Si tratta anche di spingersi a immaginare forme nuove e ibride di essere viventi: umani e cyborg, umani e animali, umani e vegetali. Come fa la performer Silvia Calderoni con la sua opera «Così è, se mi pare» in cui il suo corpo si fa, coerentemente con un lavoro di ricerca coraggioso attivo da anni, supporto e strumento espressivo di un orizzonte aperto al possibile.

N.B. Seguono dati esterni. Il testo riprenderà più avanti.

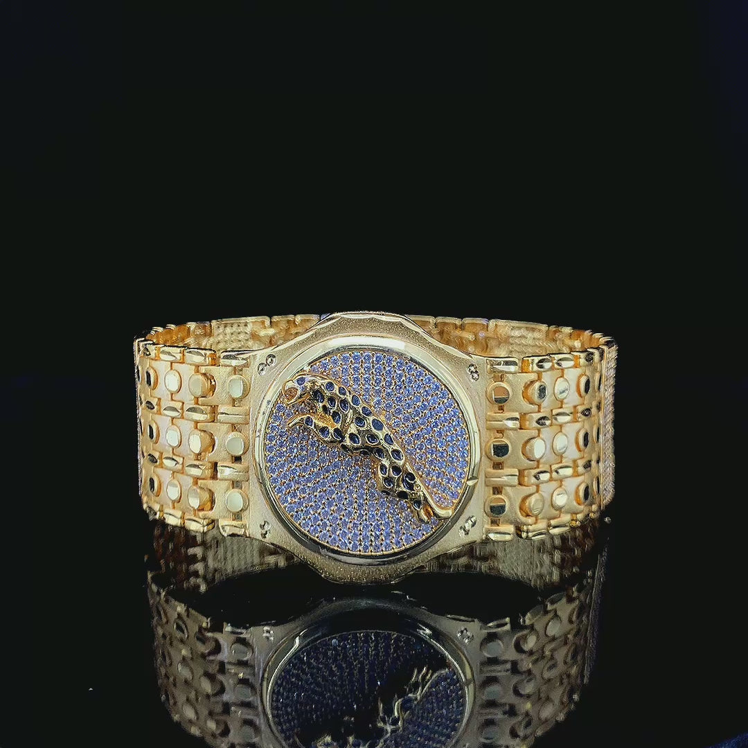 Gold Plated Bracelet with Diamond-Encrusted Cheetah Motif and Textured Link Design"

UN PO’ SATIRO, un po’ lupa, un po’ amazzone, un po’ acrobata, l’artista sfoggia con serenità olimpica il proprio nudo frontale con sei capezzoli e un vello pubico a cui il porno plastico imperante ci ha disabituato. Ed è subito scattata la polemica: la senatrice della Lega Lucia Borgonzoni ha dichiarato all’Ansa «non c’è niente di meglio da esporre che i genitali di una donna sul corpo di un uomo con sei capezzoli?». E l’artista a mezzo social ha risposto: «Cara Lucia, ancora non hai visto la foto del retro...». La campagna d’odio social diretta verso l’opera e l’artista ha gridato all’eugenetica, alla follia e alla fantomatica lobby gay senza considerare che, ancora una volta, non si tratta di imporre nuove norme di comportamento o di espressione soggettiva bensì di esprimere nelle forme visionarie dell’arte una riflessione sulla libertà di esistere e di trascendere i confini rigidi degli schemi identitari.

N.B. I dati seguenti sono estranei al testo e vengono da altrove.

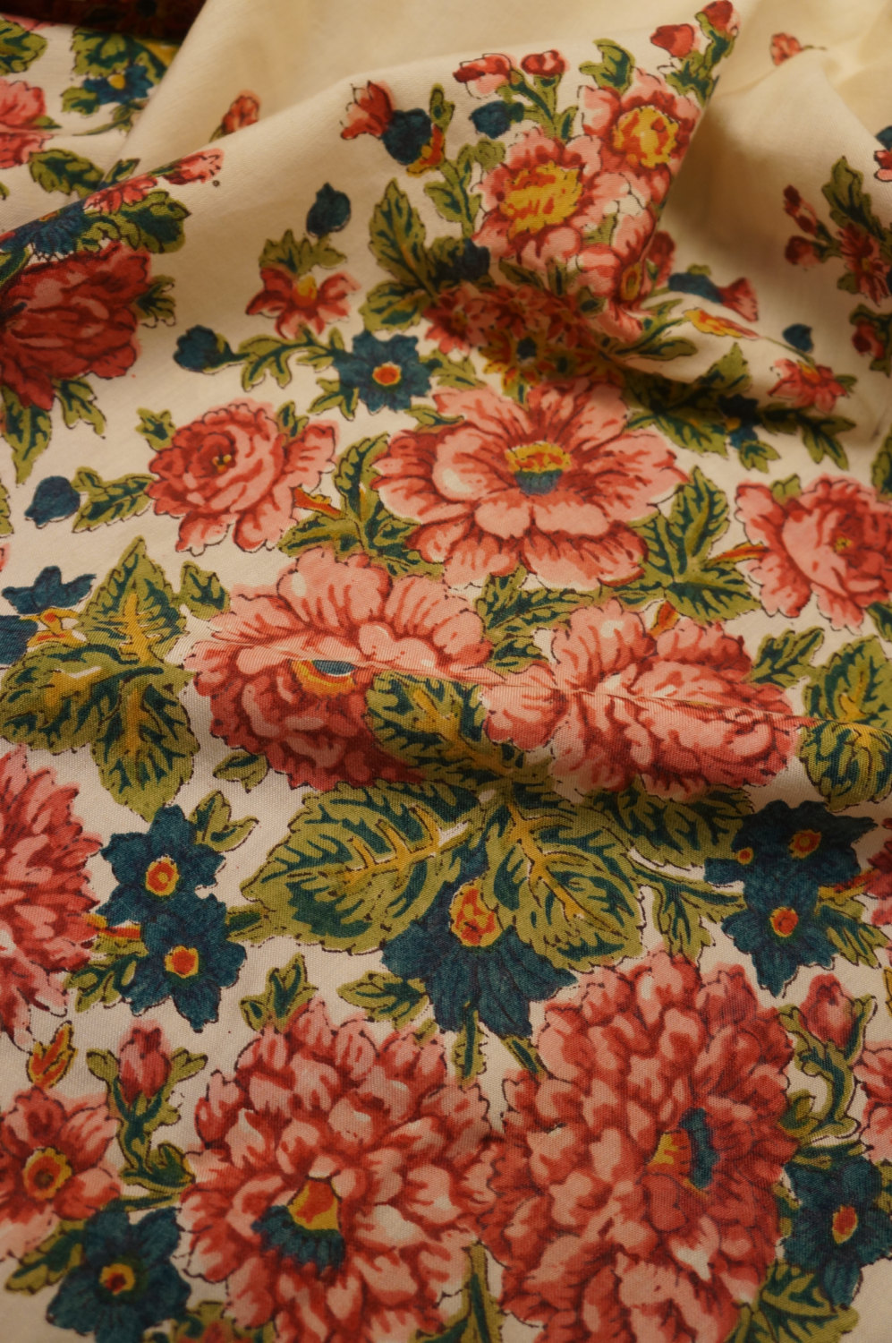 Интересный экземпляр. Но... вряд ли ему 100 лет. Возможно, шаль печаталась на Городковской фабрике в начале 50-х годов. Бахрома хорошо сохранилась. Я перенесу ваше сообщение в тему про старый посадский хлопок. Не возражаете?

MEDIANTE quest’azione di arte pubblica, Cheap e il gruppo di artist* coinvolt* (tra cui ci sono anche Yole Signorelli alias Fumettibrutti, Maddalena Fragnito, Nicoz Balboa, Chiaralascura) chiariscono che come esseri umani viviamo da sempre e sempre di più in uno spazio liminale in cui natura e cultura si contaminano, in cui i corpi stessi sono costruiti e percepiti all’interno di gerarchie sociali e strutture di potere istituite anche tramite forme di violenza e di discriminazione. È su quelle gerarchie e percezioni sociali che l’arte può dare un contributo importante ed è per questo che ad alcuni fa paura.